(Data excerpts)
'''

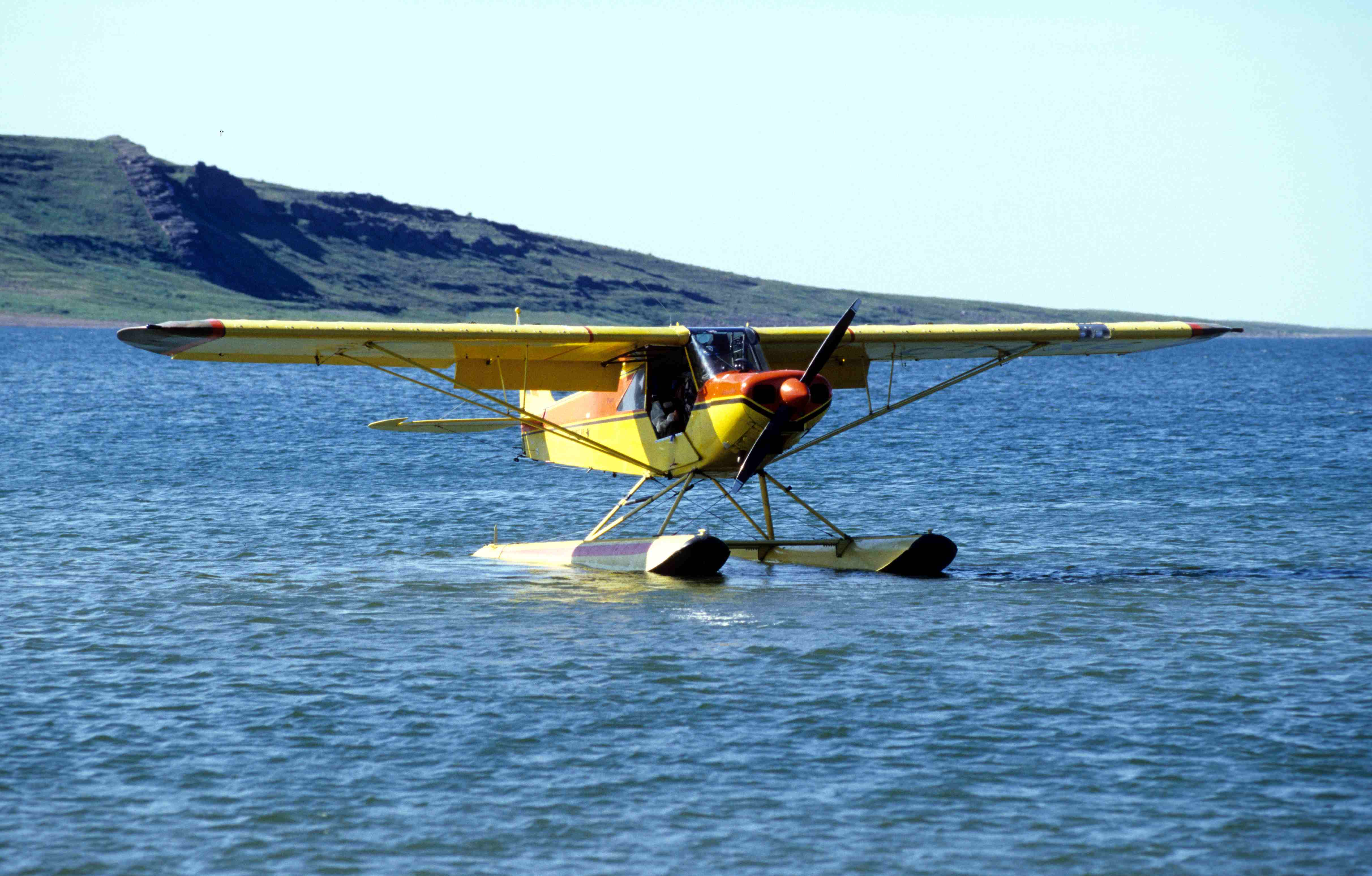 Piper PA-18-150 “Super Cub” (floatplane version) at Tinney Cove (Bathurst Inlet)
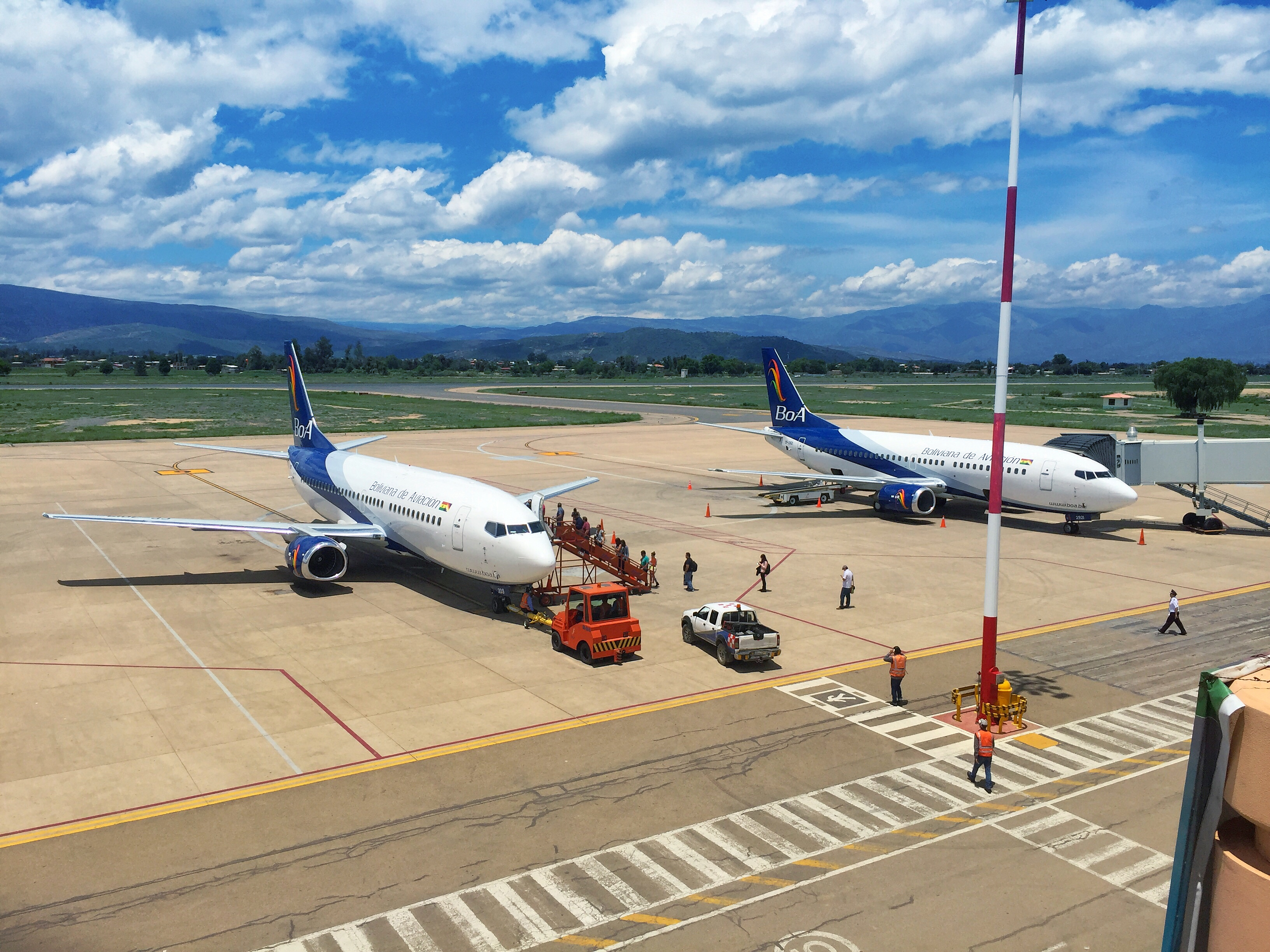 Boliviana de Aviación Boeing 737-300s aircraft parked at Cochabamba's Jorge Wilstermann International Airport.
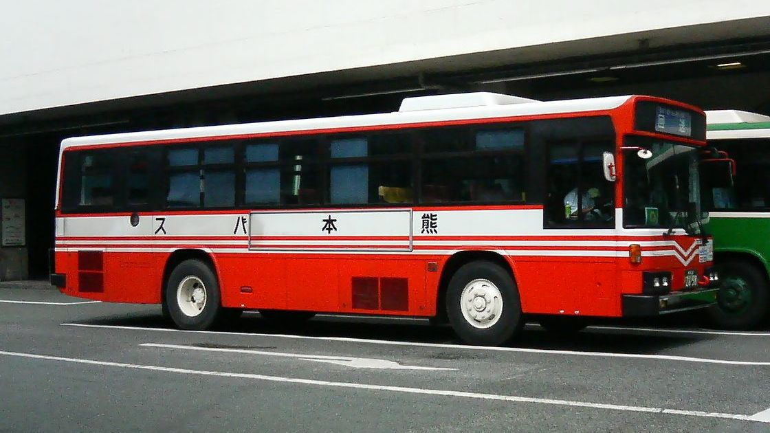 Company:Kumamoto Bus Use:transit bus Car license:熊本22 か 2658 Chassis manufacturer:Mitsubishi Motors Coachbuilder:Nishinippon Shatai Kogyo Location:in Kumamoto Bus Terminal, Kumamoto City, Kumamoto, Japan.
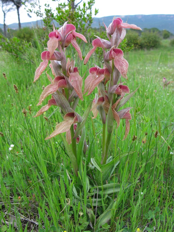 A beautiful Orchidaceae (Serapias neglecta) endemic from coastal Provence and Corsica blooming in spring on swampy fields in the Palayson Plaine (Le Muy - Provence)
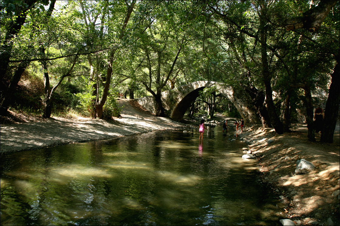 Kids playing in the water at Tzielefos locality, the ancient bridge been built during the Venetian rule of Cyprus (1489 - 1571). Diarizos river, Paphos forest, Cyprus.
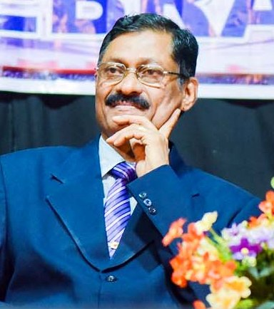 Y Ravindranath Rao ಕನ್ನಡ: ವೈ ರವೀಂದ್ರನಾಥ್ ರಾವ್
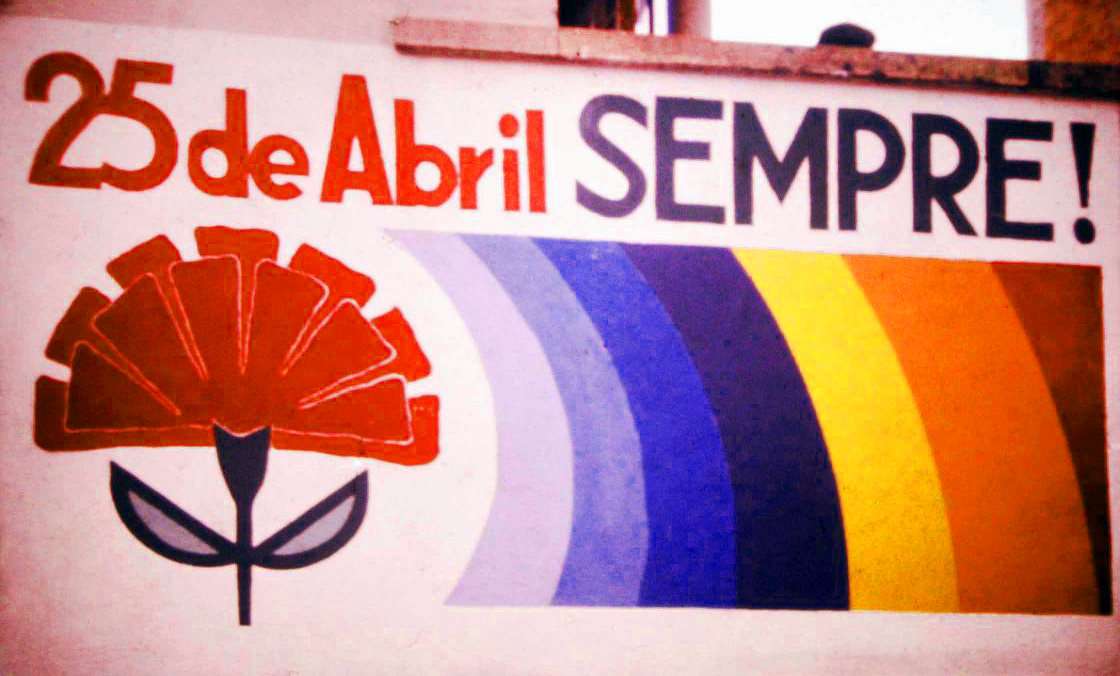 April 25 always

'''

== What the task asks ==
Leave out every picture, and repeat word for word only the lines from the one holding "Y Ravindranath Rao" through the end of the entries above, both ends included.

== Final answer ==
 Y Ravindranath Rao ಕನ್ನಡ: ವೈ ರವೀಂದ್ರನಾಥ್ ರಾವ್
 April 25 always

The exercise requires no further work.